Some things change, some don’t

I haven’t blogged in a while because it has been a little crazy around my homestead. Over the past 19 years since I moved into my home in Texas many things have changed in our area, but others have not. All have this has been done in the name of progress. But some things still remain the same.

I used to live in an isolated subdivision off a Farm-to-Market road. To get here you had to drive past the cutest cows on a corner pasture that had a little wind mill and a creek running through it.  As you traveled down the road you would drive by some small farms with crops that flanked each side of a two lane road. Further down the road it came to a “T” intersection, so to continue on you had to make a left onto a small two lane highway. A few feet later was a quick right turn and you were back on FM 2305. On the corner was the most beautiful pasture where horse would run sometimes run along side of you as you drove past. I love to watch these majestic animals in trot. Occasionally you would see some of the local kids riding their horses along side the road either going towards town or towards the lake. In the early spring, blue bonnets would fill the field and family’s would stop to take family portraits. Then there were a few more cow pastures, Frank’s family restaurant, some wooded acreage and finally my subdivision.
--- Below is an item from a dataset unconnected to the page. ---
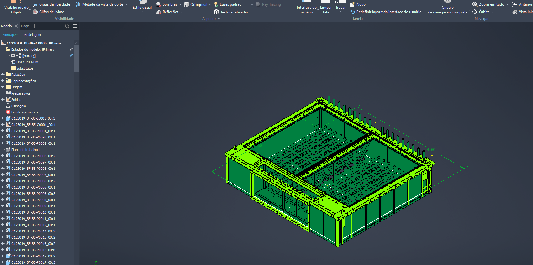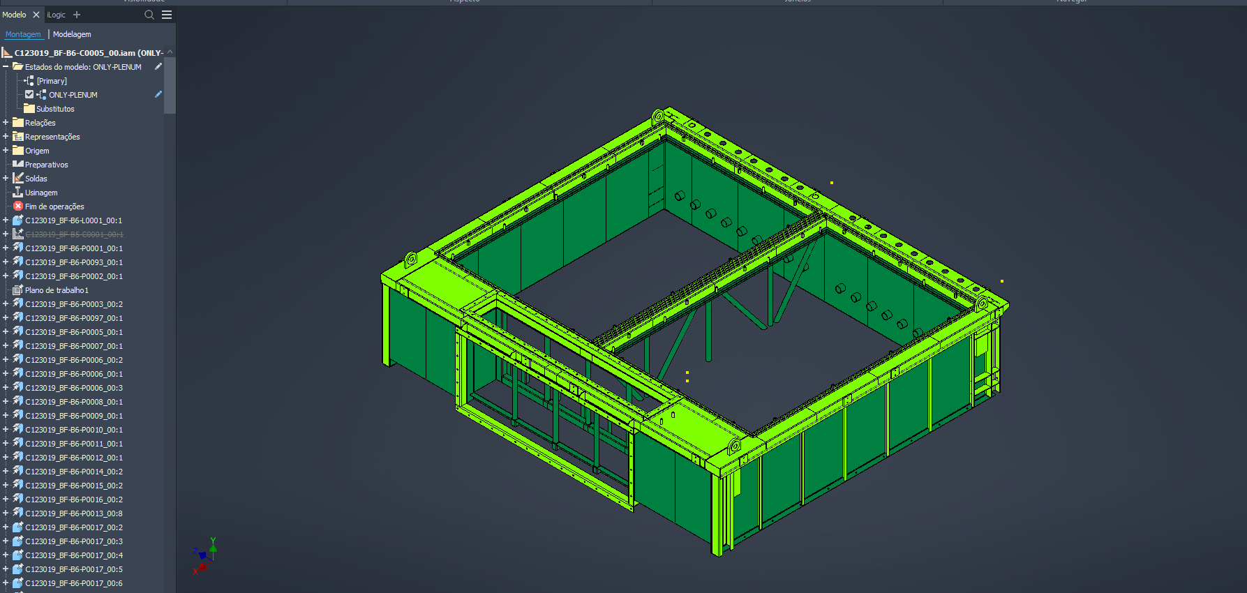O recurso "Model State" possibilita o salvamento de diversos estados do modelo sem afetar a versão principal. Um exemplo prático disso é observado no Plenum, em que a chapa espelho é incluída no modelo, mas pode ser suprimida permitindo a extração da lista de material sem considerar a chapa espelho.

Living in this subdivision we had city water by Temple, population 46,000 in 1993, it’s much bigger now. Coming from the Washing D.C. area I didn’t really considered a city, but folks around here did and who was I to argue. Although water was piped in, sewage went to a septic tank. I didn’t know anything about septic tanks, or the fact that we even had one, until the water backed up into our house. Not something you are used to coming from the city. Our home was built in the late 70’s and what I also learned this past week is that septic tanks have a life span. This week we had to have it pumped and pay to have my concrete patio, which was already in place when we bought the home, destroyed by jack hammers in order to get to the main line to clear a clog that could not be reached through the vent stack or clean out under my sink.
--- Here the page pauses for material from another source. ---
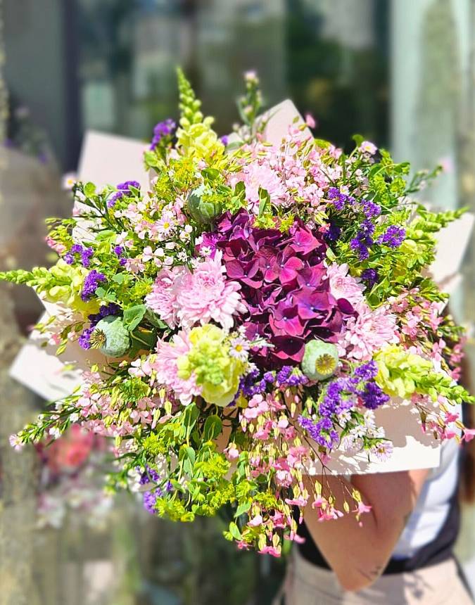 Tato romantická letní kytice je ideální volbou pro každého, kdo miluje jemné pastelové tóny a originální květinové kombinace. Dominantou vazby je bohatá fialová hortenzie, kterou harmonicky doplňují růžové chryzantémy, statice, limonka, makovice, hledíky (antirrhinum) a další luční květy. Kompozice působí vzdušně, přirozeně a svěže, září letní náladou a jemností.

Since purchasing our home in 1993, the city of Temple, has annexed most of the surrounding land around our subdivision. In fact all of it leading up to our home. For those of you who live in cities, land that surround a town that does not belong to any particular town or does not incorporate to become a town can be “claimed” by another town in order to extend its borders. After annexing all of the land down FM2305, the crops slowly began to disappear. Homes, shopping plaza’s and business now flanked the thoroughfare. The two lane road that zig and zagged grew to be five lanes wide, two going north, two south and one in the middle for turning, is now as straight as an arrow. A large over pass was built over Hwy 317 which required the city to basically take the land the horse grazed on, eminent domain. So, no more horses. And recently, I noticed a sold sign in the cow pasture    with the creek that runs through it.

With all this change you would think they would do something with the sewer systems or lines, but no that would be a good changed. Instead, they continue to chip away at what once used to be a picturesque land scape down a quaint country road. I miss having to call the sheriff to come herd the cows that escaped on a weekly basis and blocked the road so I could get to work on time. I miss seeing families out for a ride on their horses. I miss seeing the crops swaying in the wind. I miss watching the horses running in the pasture. I miss the fields of blue bonnets. All now gone all in the name of progress.

Maybe someday they will make a change to the sewer system but until then I guess I will just have to live with my little tank. But, I do have to say after five days of not being able to use water or my bathroom I have a deeper appreciation for my toilet.